Search code examples
parquetpyarrow

Partitioning PyArrow Parquet file and writing it out sorted to a dataset


I have a PyArrow Parquet file that is too large to process in memory. Because data can be easily partitioned into different shards, I'd like to manually partition this and create a PyArrow dataset out of the file. While I am partitioning, the rows within the partition themselves need to be re-sorted, so that iterating the data can be done in a natural order.

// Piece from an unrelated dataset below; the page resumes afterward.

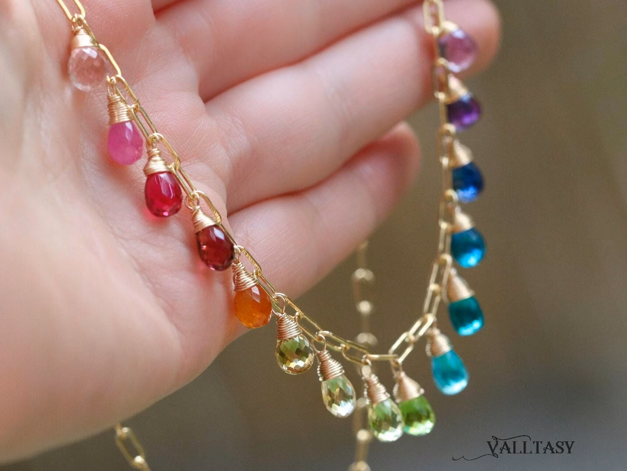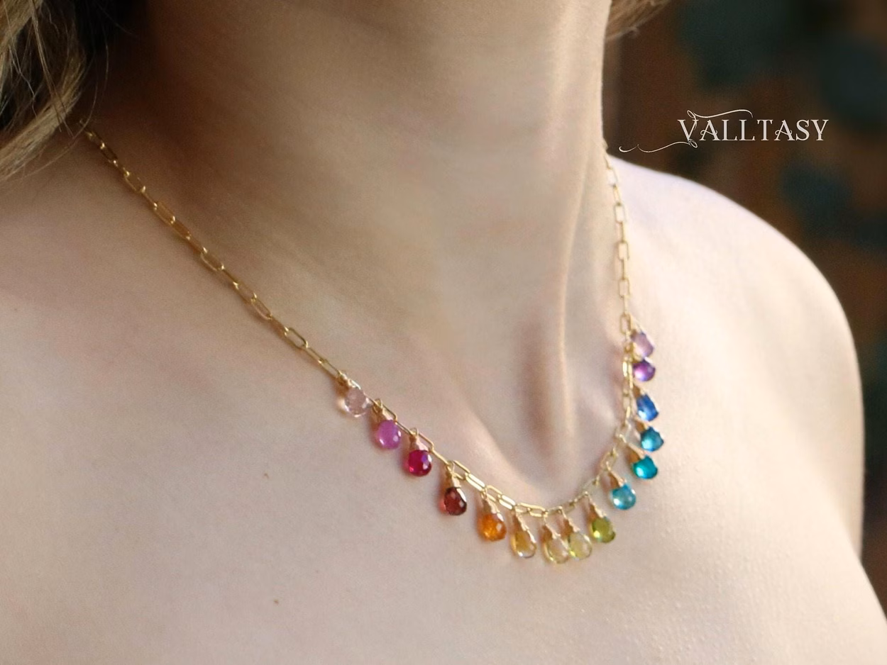 This 14K Solid Gold necklace features breathtakingly gorgeous gemstone drops in a vibrant rainbow arrangement.

Here is a schema snippet if it is relevant. The partitioning key is chain_id:

pa.schema([
    ("chain_id", pa.uint32()),
    ("pair_id", pa.uint64()),
    ("block_number", pa.uint32()),
    ("timestamp", pa.timestamp("s")),
    ("tx_hash", pa.binary(32)),
    ("log_index", pa.uint32()),
])

The process I was planning to use it

  • Determine partition ids beforehand (chain_id in the above schema)
  • Open a new dataset for writing
  • For each partition id
    • Create an in-memory temporary PyArrow table
    • Read (iterate batches) the source Parquet file
      • Identify rows belonging to this partition and add them to the in-memory table
    • Sort the rows in memory
    • Append table to the dataset

However the documentation on FileSystemDataset on PyArrow is skinny. My question along the lines are

  • How do I add full tables to a FilesystemDataset, assuming the table is the whole content of a partition itself?
  • Is there any existing tools to partition (PyArrow) Parquet files to datasets, without needing a write a manual script?
  • What kind of ordering guarantees pyarrow.dataset.FileSystemDataset gives assuming I want to always read the data in the insertd presorted order with to_batches?
  • Any other PyArrwo tips dealing with data and datasets that does not fit into RAM?

Solution

  • I recommend using the dataset api. It can filter on chain_id without loading, and write the partitions. Dataset reading does maintain order.

    My own partitioning utility is similar to what you need. It provides sorting, and could be further adapted or provide ideas.